ひとつは阿月に語ったものだ。もうひとつは阿月の姉・阿霞(9m88)に語ったものということになる。この2種類のバージョンにはどんな意味が込められているのだろうか?
この絵本の主人公は雨の雫だ。阿雲が阿霞に語ったバージョンでは、雫は雲になることができずに霧のように地表に漂い、やがて消えてしまう。しかし阿月に語ったバージョンでは、雫は雲になって世界を上から眺めることができた。

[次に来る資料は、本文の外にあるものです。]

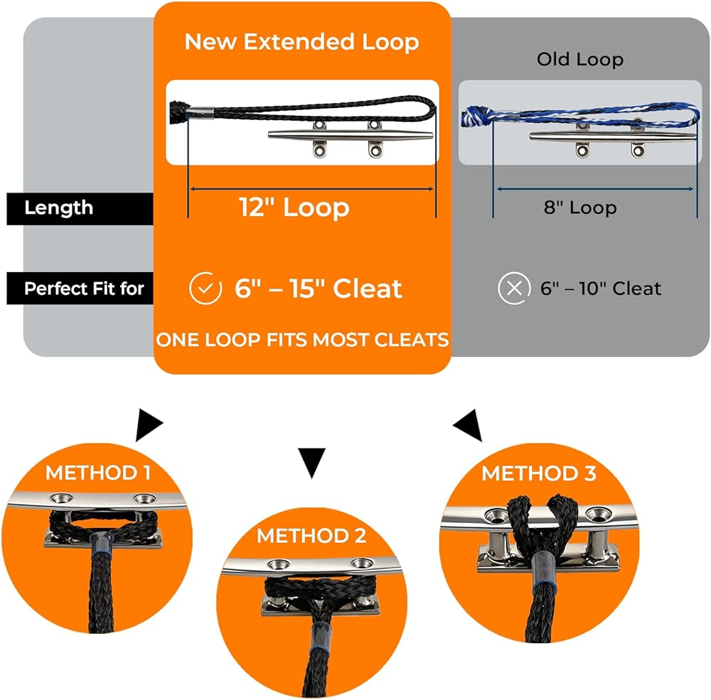 • 2. 【تصميم مزدوج الاتصال لسهولة الإرساء】: يتميز خط رصيف البنجي الخاص بنا بحلقة ممتدة مقاس 12 بوصة (30 سم) على أحد الأطراف ومشبك من الفولاذ المقاوم للصدأ من الدرجة البحرية 316 على الطرف الآخر. الحلقة الممتدة تناسب بسهولة مرابط القارب القياسية حتى 10 بوصات، بينما يسمح المشبك المصنوع من الفولاذ المقاوم للصدأ بالربط السريع بالحلقات أو العيون المعدنية - لا يتطلب عقدًا. خياران للرسو متعدد الاستخدامات في خط واحد يجعل الإرساء أسهل وأسرع وأكثر كفاءة من أي وقت مضى.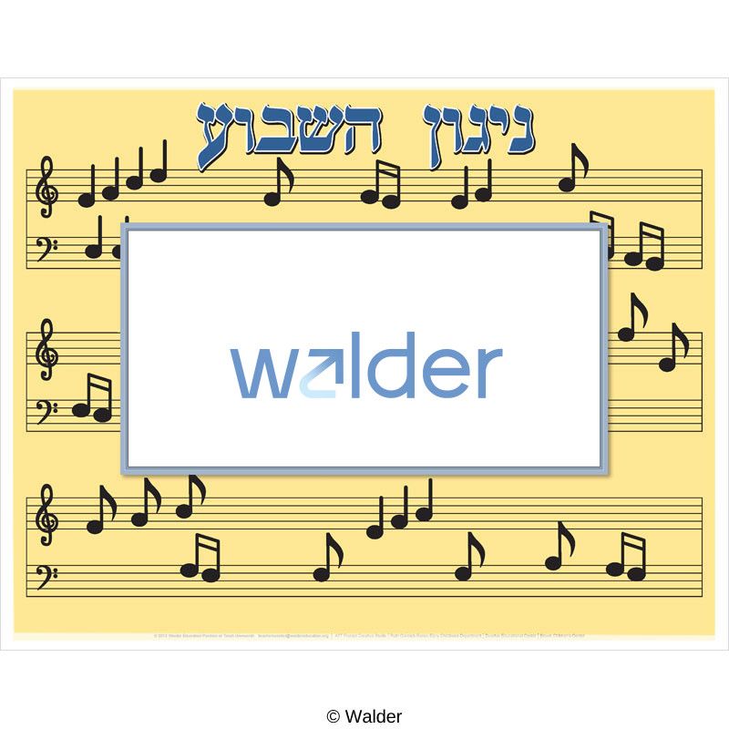 Poster with the words ‘Nigun Hashavuah’ with a white 9″x18″ area to put the name of that week’s song. This can be done in a few different ways. The teacher can write it with a dry erase marker or fit it with a clear pouch made from a piece of lamination or clear plastic. Hanging this poster during the week will build excitement among the students and have them look forward to learning the song and sharing it with their family on Shabbos.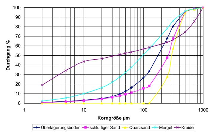 Insgesamt wurden 5 Bodenarten (Bild 8), Feststoffgehalte von 0 bis 400 kg/m? (jeweils in 50 kg-Schritten) sowie 2 Bentonitsorten (HTX und HTX-Spezial der Fa. Ibeco) mit jeweils 2 Bentonitkonzentrationen (30 und 50 g/l Wasser) untersucht. Die Suspensionen wurde nach Herstellerangaben angemischt und dem Versuchskreislauf zugeführt.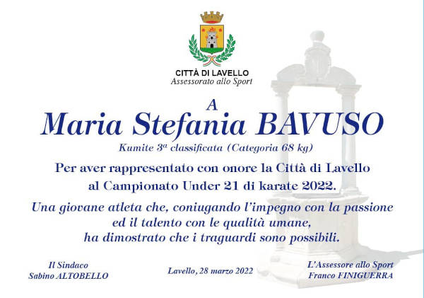 Dall’Amministrazione di Lavello giungono i complimenti a Maria Stefania Bavuso, terza classificata al campionato nazionale under 21 categoria 68 kg che si é tenuto al Palapellicone di Ostia: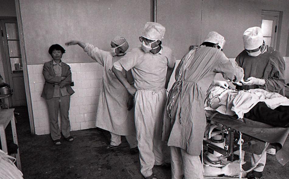 图中是90年代中期的医院中,几位医生正在给一名青年男性做结扎手术.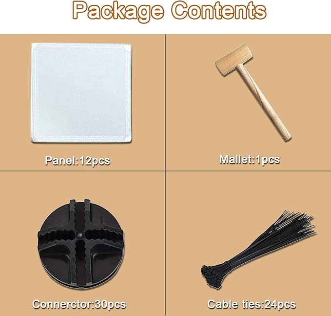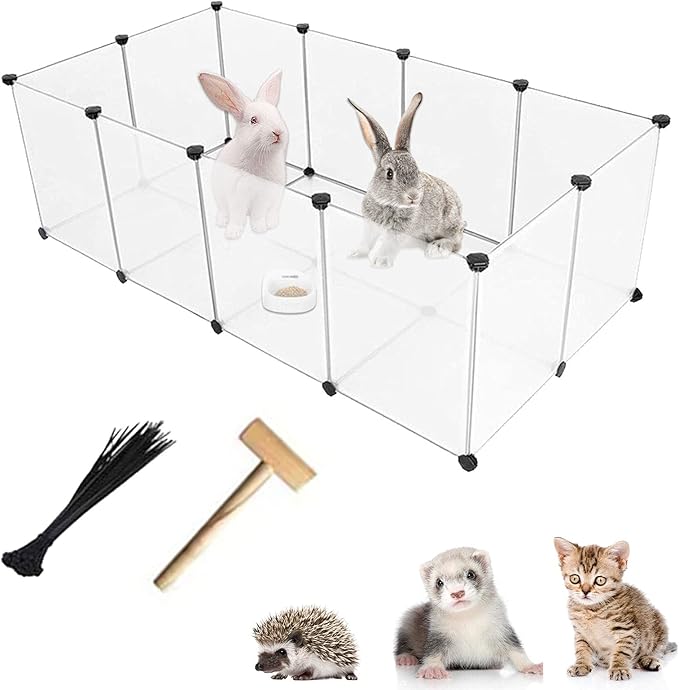 - 【PRODUCT PACKAGE】Rabbit playpen packing:12 x Transparent Panels (13.8 x 13.8inches/35 x 35cm),1 x Wooden Hammer,25 x ABS Connector,12 x Anti-slip Pads,About 30 x Cable Ties.Your Using ABS connectors could form multiple shapes Fence,Pet will have plenty of room for playing and keeping active and exercise.

ちなみに本作の原題は「大濛」というものだ。これは霧が立ち込める様子を示していると同時に、「白色テロ」の時代の先の見えない様子のことを指しているともされる。
雲になれるバージョンと、霧になってしまうバージョン。霧は雲になった雫を見て羨むこともあるとされる。そうすると雲バージョンは理想的な姿で、霧バージョンは現実的な姿ということなのかもしれない。
ちなみにその絵本を語るのは阿雲というわけで、雲というのは自分の名前でもあったわけだ。雲になれるバージョンは、阿雲が本来の姿になるという意味でもあるのだろう。

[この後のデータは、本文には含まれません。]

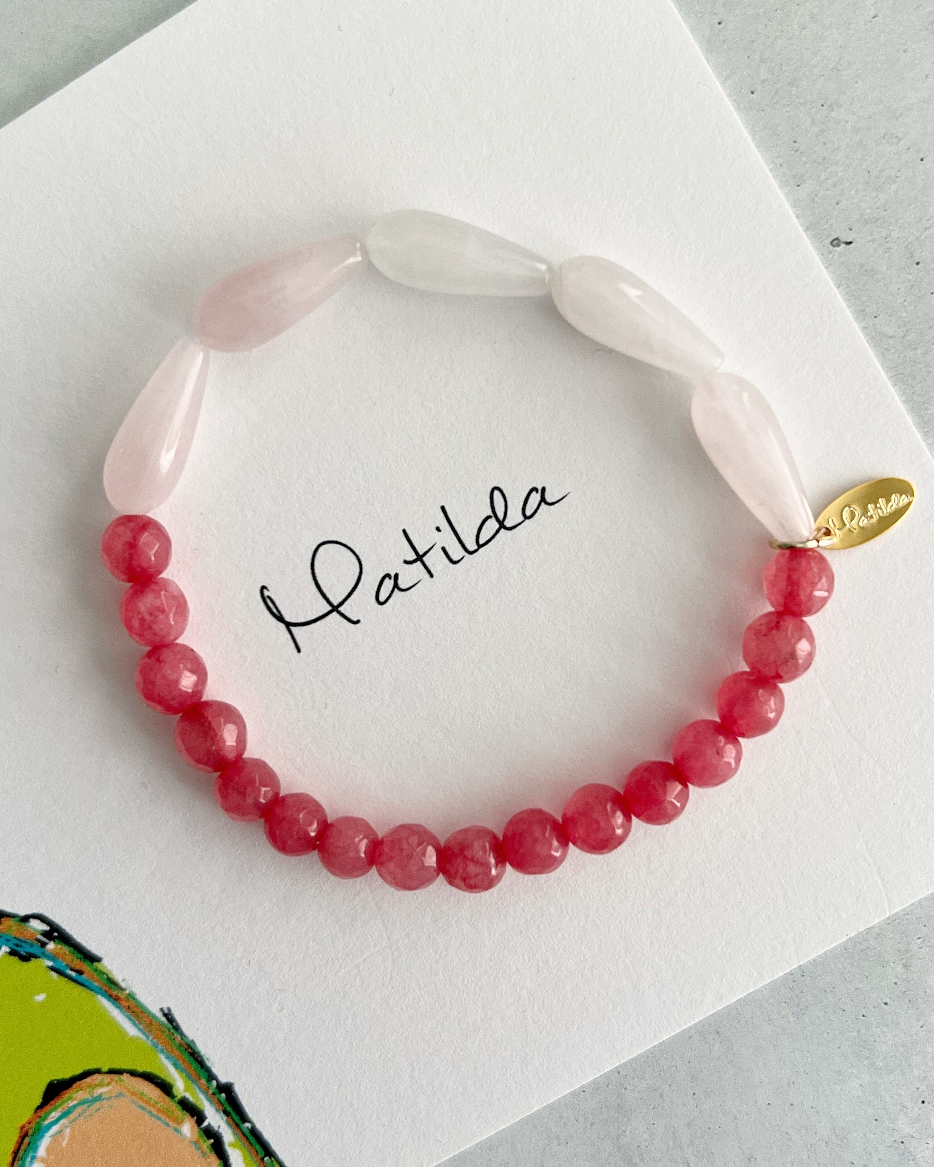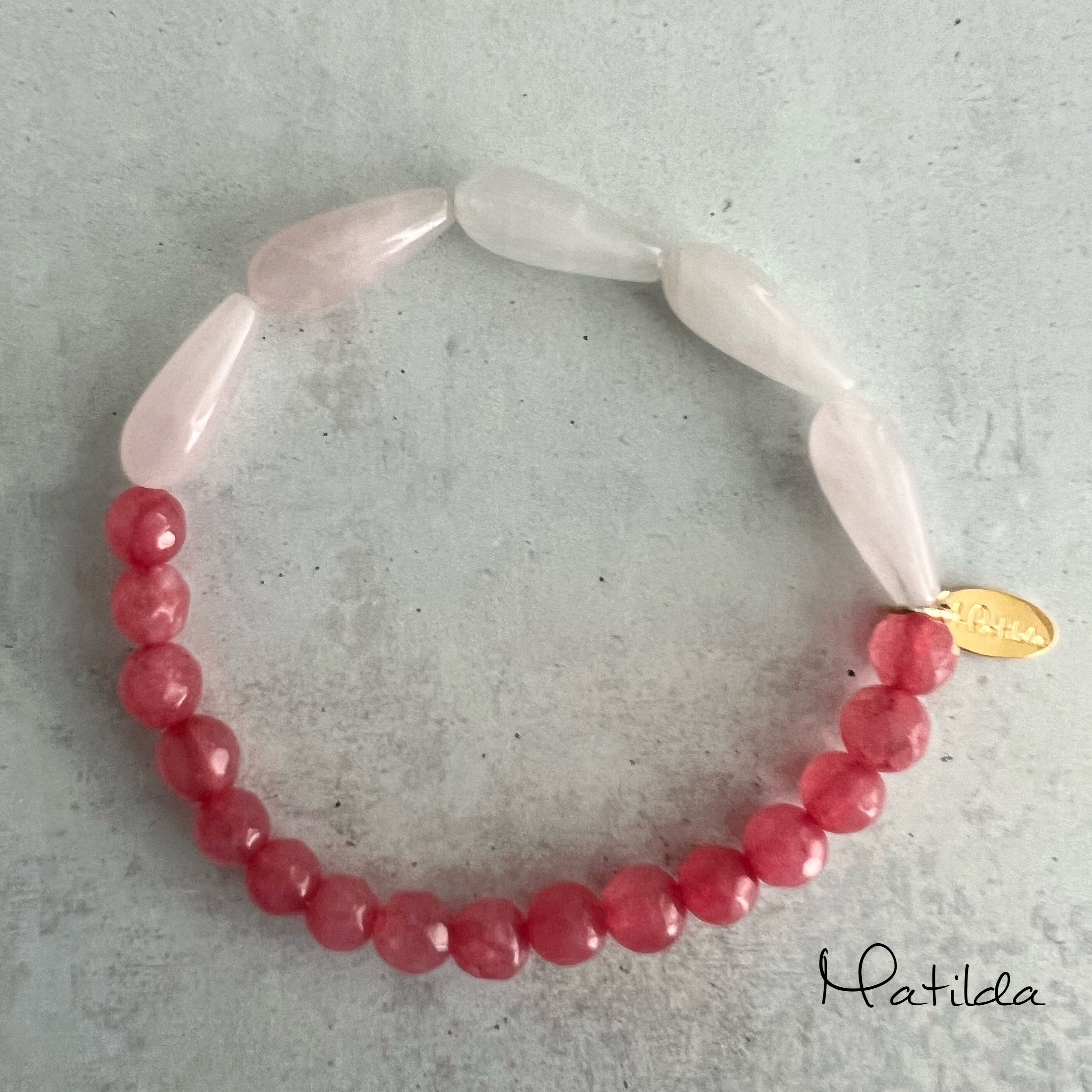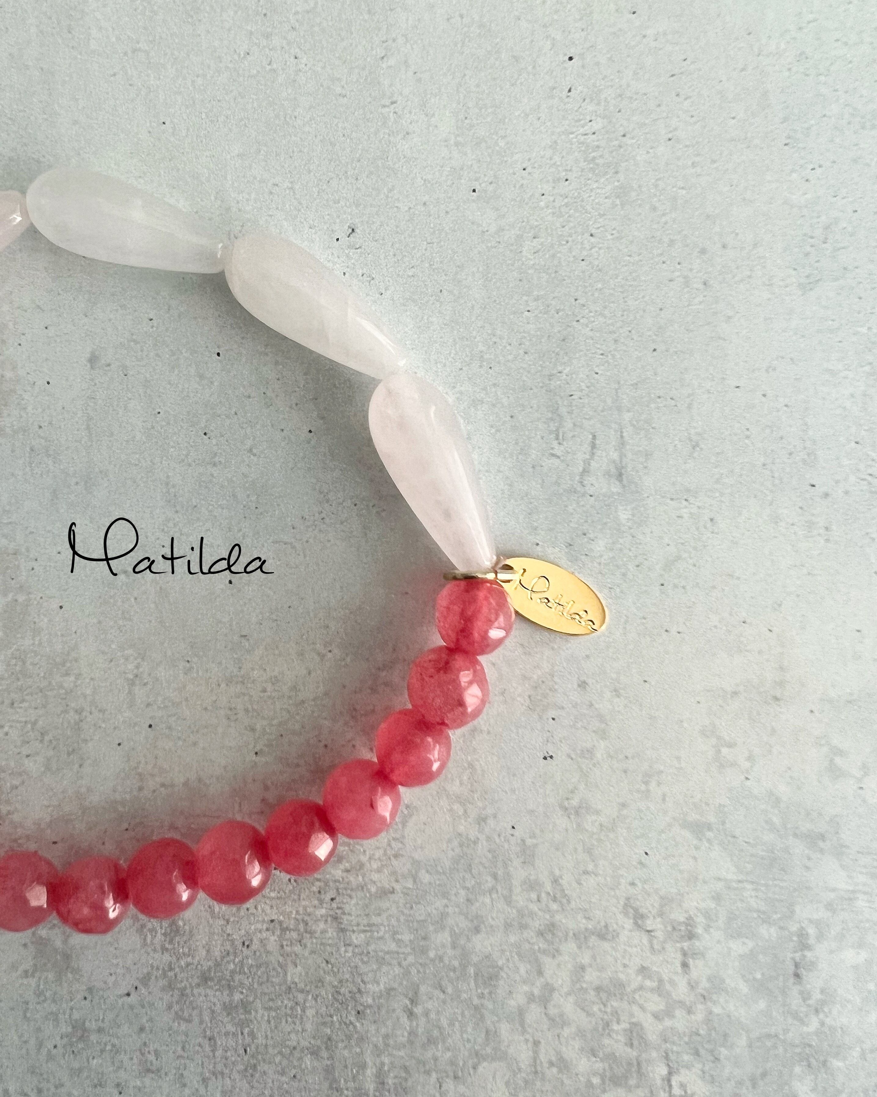 ミルキーなペールホワイトと淡いベビーピンクのグラデーションがあまく柔らかなローズクォーツと、ポップなベリーレッドがキュートなジェイドのペア。

雲バージョンでは阿雲は阿月に対して希望を熱く語っていた。今は民国42年で、今はサトウキビ畑に隠れているけれど、時が進めばそれは変わるかもしれない。阿月も結婚して子どもを産むことになるかもしれない。台湾自体も、今のような弾圧はなくなるかもしれない。そして、雫が雲が雨になって降り注いでいけば、もしかすると砂漠だってそのうちには緑の森になるかもしれない。そんな希望が語られるのだ。

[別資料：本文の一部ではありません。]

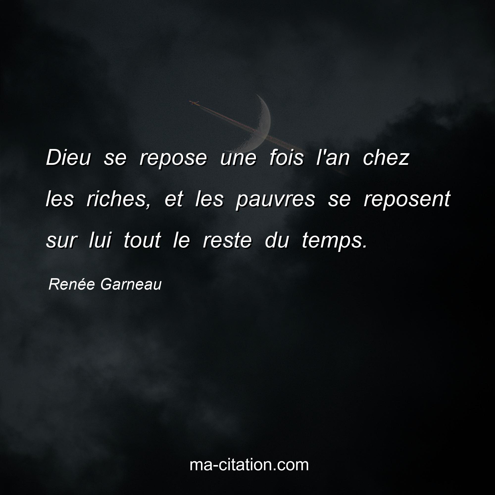 Renée Garneau est l'auteur de la citation sur la vie "Dieu se repose une fois l'an chez les riches, et les pauvres se reposent sur lui tout le reste du temps.".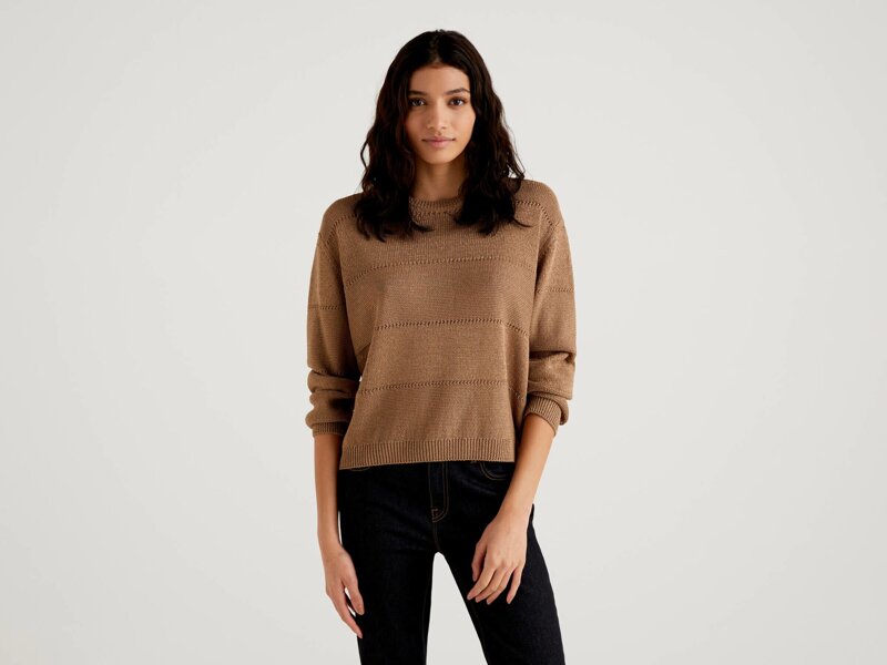 Maglioncino girocollo a manica lunga in misto viscosa dal peso leggero. Piacevole lavorazione a giochi di punti con effetto righe e inserti in filo di lurex. Un capo tinta unita che fa la differenza. Disponibile in 2 colori.

しかし霧バージョンではそうはならない。雲になりたかった雫は、空高く舞い上がることはできず地表あたりに霧となって立ち込める。そして、その霧はそのうちに消えていってしまう。この霧というのが現実の阿雲であり、同じように阿月の前から姿を消してしまった公道のような人たちだったのだろう。本作はそういう霧のように消えていった人たちのことを忘れてはいけないという想いから生まれた作品なのだ。
ここでは詳しく触れないけれど、本作はエピローグが泣かせる。阿月と公道の互いに対する想いというものが明らかになるからだ。ここで一気に涙腺が崩壊することになるだろう。
チェン・ユーシュン作品はほとんどハズレがない。前作の『1秒先の彼女』もその年の「ベスト10」に選んだけれど、『霧のごとく』もそうなる可能性は高い気がする。